BISNIS.COM, JAKARTA--Perusahaan tambang dan perusahaan jasa tambang dituntut lebih memperhatikan nasib warga dan lingkungan di sekitar area tambang.
Pertambangan dari berbagai sektor menyimpan potensi yang besar . Namun, potensi tersebut sering kali tersandung kebijakan dan sikap pengusaha sendiri.
Vice Chairman Research and Technology Kamar Dagang Indonesia Ilham Habibi mengatakan siklus pertumbuhan bisnis pertambangan dapat dikatakan tidak kecil, sehingga pelaku dunia tambang seharusnya melihat sekitar lokasi yang
dapat menunjang agar bisa berkelanjutan.
"Dengan pendapatan negara yang disumbang 11,22%, pertambangan merupakan kegiatan yang menjanjikan," ujarnya di acara Musyawarah Nasional III Asosiasi Jasa Pertambangan Indonesia, Senin (17/6/2013).
Industri pertambangan saat ini masih berada dalam tataran Jawa sentris.
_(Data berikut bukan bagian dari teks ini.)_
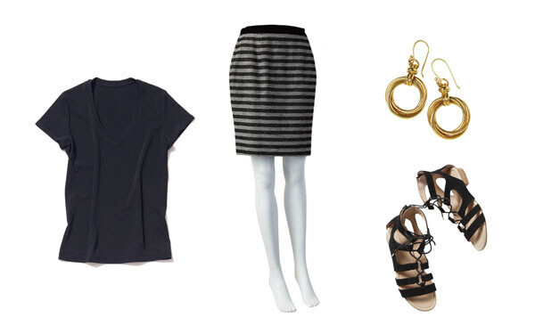 ブラックVネックTシャツ / GOUT COMMUN ¥8,424、ボーダースカート / DONEEYU ¥12,960、リングドロップピアス / gena myint ¥5,724、レースアップサンダル(黒) / チアキ・カタギリ ¥11,880
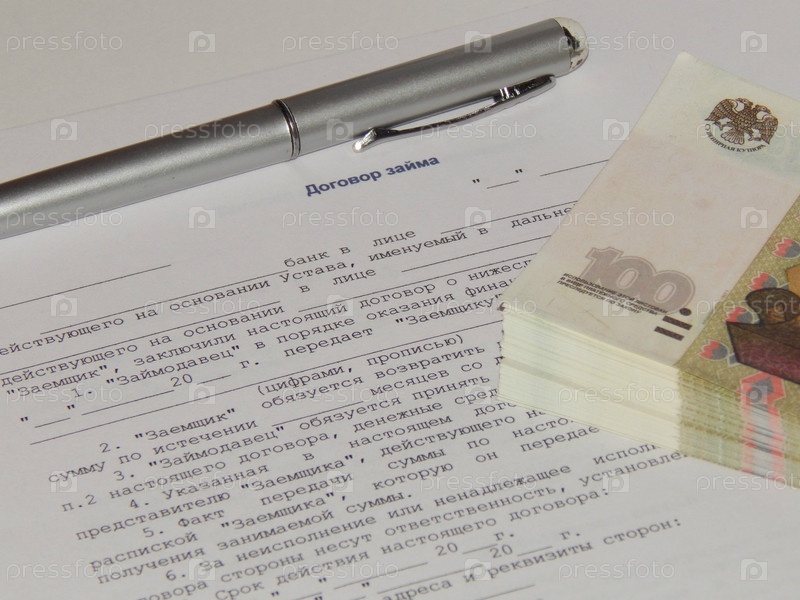 Договор займа, ручка и пачка денег
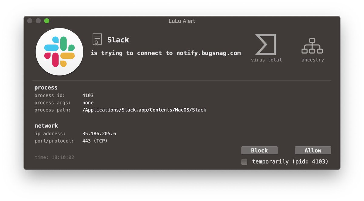 Hey @SlackHQ, a new version of your app seems to be making a new connection to http://bugsnag.com , and ironically enough, if I deny it, the app reports a problem and totally stops responding... That probably shouldn't happen (What happens if bugsnag really isn't available?)pic.twitter.com/y1UP3Vx4UO
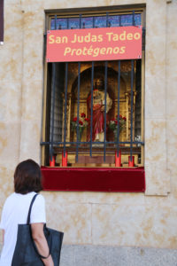 La segunda de las imágenes colocadas para su veneración en la ventana del convento es la de San Judas Tadeo, que como recuerda el padre Matías Tejerina, “desde hace unos años se está cuidando su devoción, muy arraigada en Salamanca, y tenemos todos los últimos miércoles de cada mes seis misas en la iglesia, pero con las obras y el confinamiento, no hemos podido hacer esas misas, y hemos querido sacarlo a la ventana porque la gente lo pedía”, subraya este carmelita.
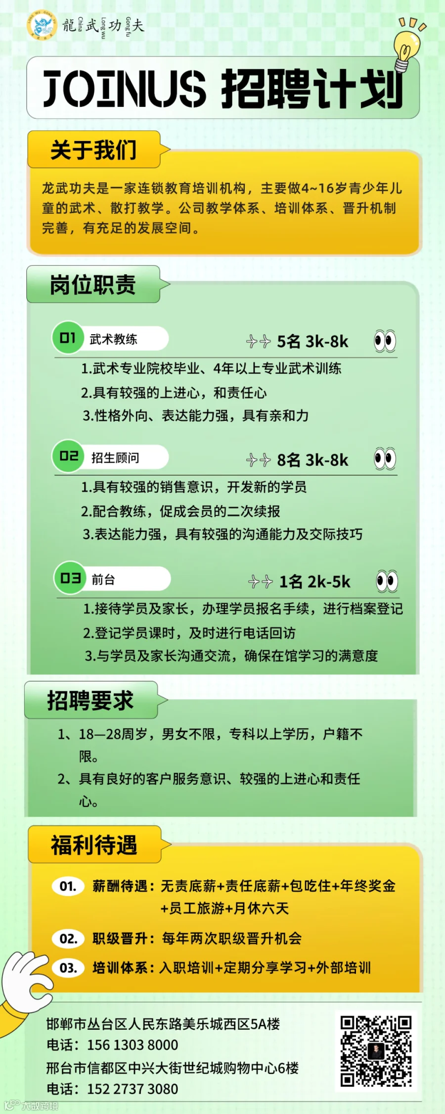 主要做4~16岁青少年儿童的武术、散打教学。公司的教学体系、培训体系、晋升机制完善,所有分店皆为直营,只要你有很好的学习力,就有充足的发展空间。
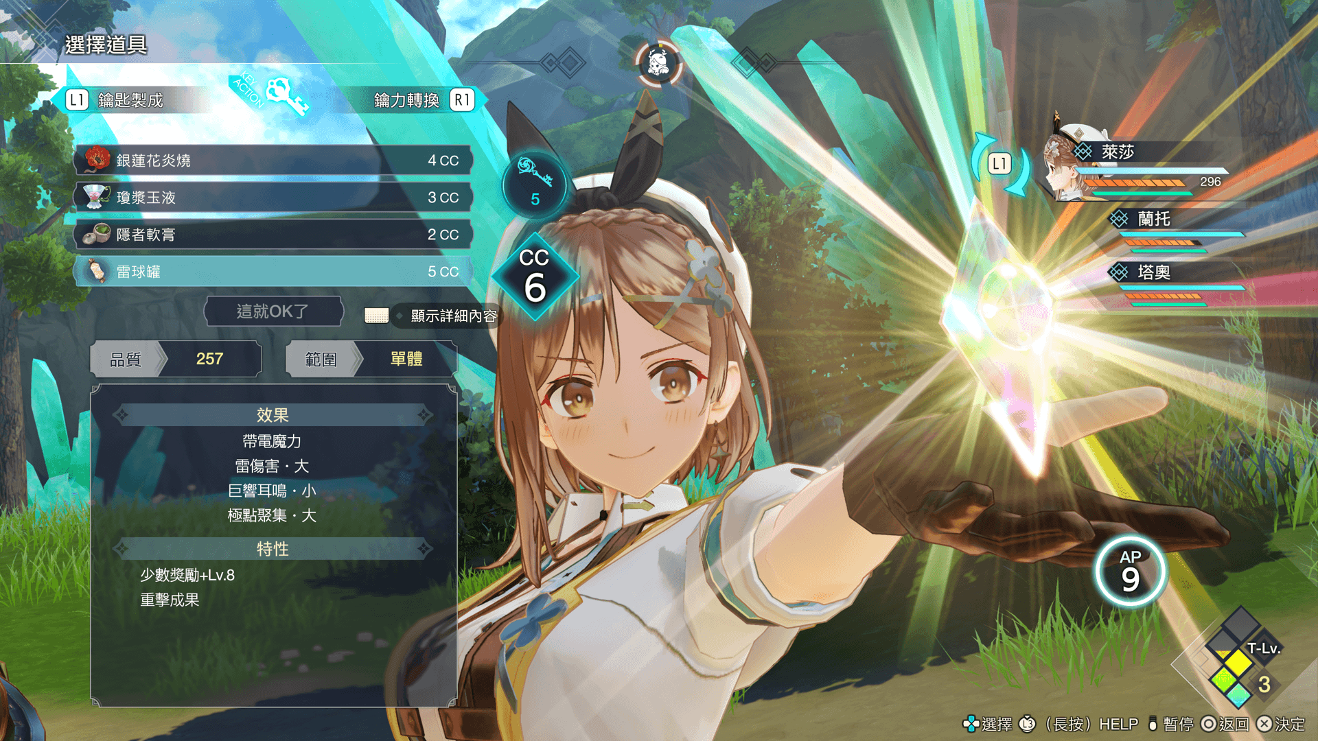 - 使用相同屬性的技能時,獲得的CC量增加。
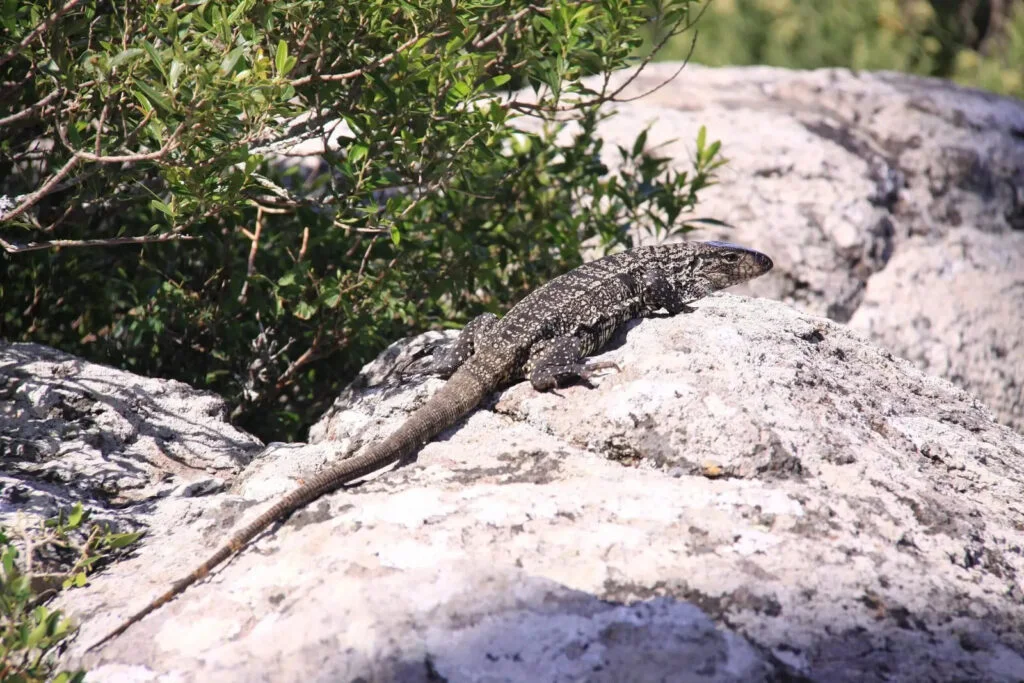 O teiú é um lagarto grandão, chega a medir mais de um metro de comprimento. Ele é onívoro, comendo desde frutas até pequenos animais. O teiú é importante porque ajuda a controlar a população de insetos e pequenos roedores, além de ser um dos predadores naturais de ovos de outras espécies, mantendo o equilíbrio ecológico.

Artinya, lokasi pertambangan ada di luar Jawa, tetapi pengolahan dan tujuan utama pengiriman berada di Pulau Jawa. Dalm hal ini, pengolahan sebaiknya berada di dekat pertambangan dan diprioritaskan untuk wilayah tersebut.
Industri pertambangan memiliki beberapa isu yang sering menghambat antara lain konflik lahan, lingkungan,infrastruktur, teknologi, lahan, koordinasi dengan pemerintah, insentif, dan infrastruktur. Dalam hal ini, sebagai contoh adalah pembangunan smelter yang sedang digalakkan.
Saat ini, tuntutan yang dirasakan pengusaha terutama tambang mineral adalah pemurnian. Pengusaha sering mempertanyakan listrik yang akan memasok smelter. Berkaitan dengan ini pula, terdapat hal mendasar yang sering diabaikan adalah masalah lingkungan dan konflik dengan masyarakat karena pencemaran lingkungan. Untuk mengatasi ini inovasi dan teknologi dapat menjadi satu solusi.
"Solusinya, menggunakan energi terbarukan. Selain ramah lingkungan, penggunaannya juga bisa memberdayakan masyarakat," ujar Ilham.
Di samping permasalahan yang dihadapi oleh perusahaan tambang dengan masyarakat dan lingkungan, hal yang sering tidak memudahkan industri tersebut adalah birokrasi. Kerumitan birokrasi selain dalam regulasi juga hak paten untuk teknologi yang berkaitan dengan tambang.
Dia mengatakan, ini disebabkan karena Indonesia masih dalam tahap negara berkembang. Oleh karena itu, apresiasi terhadap akademisi atau teknologi masih bersifat pragmatis.